そのくらい、「子どもが自己肯定感高く育つこと」は、今多くの親にとって、ぜひそうなってほしい、理想の姿だということでしょう。
ですが、振り返ってみて、親である自分の自己肯定感はどうでしょう? もし、自己肯定感が低い自覚があるのに、子どもには自己肯定感の高い子に育ってほしいとしたら…。
そのための声掛けや、育て方には、矛盾が生じたり、苦しくなってくる可能性はないでしょうか。
元小学校教諭で子育てママ専門カウンセラーの福田花奈絵さんは、著書『泣いてる子どもにイライラするのはずっと「あなた」が泣きたかったから』で、「まずは親が自分を受け入れ、自分の自己肯定感を高めることが大切」だと説いています。
子どもにイライラしてしまうのは、子どものせいではなく、自分が自分を「受容」できていないせいだというのです。
では、親である自分が自分を認めることができたら、それは親子そろって自己肯定感を高められるチャンスですよね。
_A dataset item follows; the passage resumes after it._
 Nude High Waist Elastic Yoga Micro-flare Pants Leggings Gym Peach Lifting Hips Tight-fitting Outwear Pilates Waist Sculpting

そうなりたい、と願う親は多いはず。
そこで、著者の福田さんに、本書をもとに“親子で”自己肯定感を高めるためのメソッドを詳しくお伺いしました!
子どもの自己肯定感を高めるには、まずは親の「自己受容」から
――もともと、小学校の教員をされていたんですよね。でも、子どもを産んで思うようにいかなかったと。
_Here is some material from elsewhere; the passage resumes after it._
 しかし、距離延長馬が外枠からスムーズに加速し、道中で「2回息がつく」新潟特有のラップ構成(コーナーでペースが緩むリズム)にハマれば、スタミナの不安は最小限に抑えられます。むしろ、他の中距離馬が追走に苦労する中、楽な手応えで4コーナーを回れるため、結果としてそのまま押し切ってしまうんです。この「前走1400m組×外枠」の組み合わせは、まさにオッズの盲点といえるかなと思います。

福田花奈絵(以下、福田):大学時代から、特別支援教育について学んでいました。小学校の教員をやっていたときも、子どもとの関わり方で困ることはほぼなくて。
もちろん試行錯誤はしていましたが、最終的には子どもたちと良い関係を築けていたように感じていたので、まさか自分の子ども、しかもたったひとりやふたりで悩むことになるとは思ってもいませんでした。
子どもとの関わりでは成功体験が多く、思い通りに動かないということをほとんど経験したことがなかったんです。
――それから、心の仕組みとカウンセリングを学んだと本書に書いてありましたね。
福田:半年間、民間のカウンセリングの講座に通い、それと並行して子どもとのかかわり方も学びました。そこで、結局「自己受容」ができているかどうかなんだな、と思ったんです。
――本書のテーマですよね。親が自分自身を受け入れてあげることで、自己肯定感も高まり、子どもに対する感情も変わってくるという。子どもの自己肯定感を高めるメソッドというのはよくありますが、そのために親がまず自己肯定感を高めるというのが意外なアプローチでした。
福田:「子どもにこういう声かけをしましょう」っていうのは、目的が子どもの自己肯定感を高めたいからですよね。自分が自己肯定できていない状態でそれをやろうとすると、まずふだん自分が使っていない言葉だから無理があるんです。がんばってやることになりますよね。
そうやってがんばっているのにも関わらず、子どもの自己肯定感が高くないと感じる瞬間があると、がっかりする。がんばったのに子どもに反映されていない、となるわけです。
やっぱり子どもの自己肯定感って、子ども自身が自己受容と自己肯定ができているかということなのですが、それには親が自己受容できてるかがすごく重要なんです。
親が自己受容できていないと、子どものできないところばっかり目に付くんですよ。自分のできないところが目に付く人は、人のできないところも目に付くはずなので。
――自己受容できていれば、子ども側が変わらなくても親からの見え方が変わりますか?
福田:これでもいいかな、と思えます。こういうことはできないけど、他にいいところがあるし、たとえいいところがなくても、生きているだけで尊いな、ありがたいな、と思えるようになります。確実に子どもの見方が変わりますね。